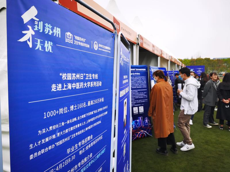 招聘现场,在“校园苏州日”卫生专线——走进上海中医药大学系列活动的“易拉宝”上,“1000+岗位”“博士160
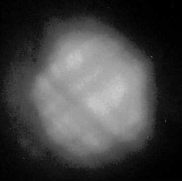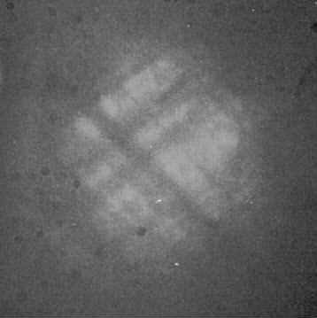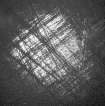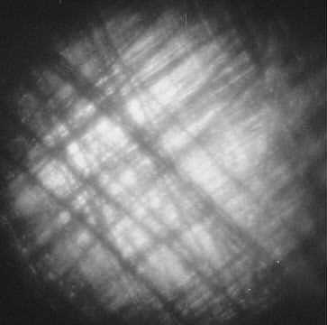These photos have poor contrast because little light bouncing off the negative makes it back into the camera's lens (on the edge, the light tends to bounce away from the lens). Because the image returning into the auto-collimator is so dim, any stray light in the auto-collimator reduces contrast. Without the light baffles, these images would not be visible. When building your auto-collimator, do all you can to eliminate stray light. Also, these photos were taken in a dark room to eliminate ambient light.
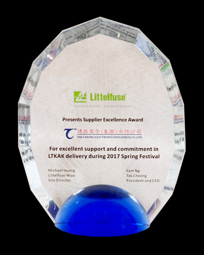 2017年5月,國(guó)際著名半導(dǎo)體企業(yè)Littelfuse授予我司“卓越服務(wù)獎(jiǎng)”。

= Exercise details =
Set down again, exactly, the lines of the material above from its first line to the one with "These photos have", inclusive. Leave the pictures out.

= Solution to this exercise =
 招聘现场,在“校园苏州日”卫生专线——走进上海中医药大学系列活动的“易拉宝”上,“1000+岗位”“博士160
These photos have poor contrast because little light bouncing off the negative makes it back into the camera's lens (on the edge, the light tends to bounce away from the lens). Because the image returning into the auto-collimator is so dim, any stray light in the auto-collimator reduces contrast. Without the light baffles, these images would not be visible. When building your auto-collimator, do all you can to eliminate stray light. Also, these photos were taken in a dark room to eliminate ambient light.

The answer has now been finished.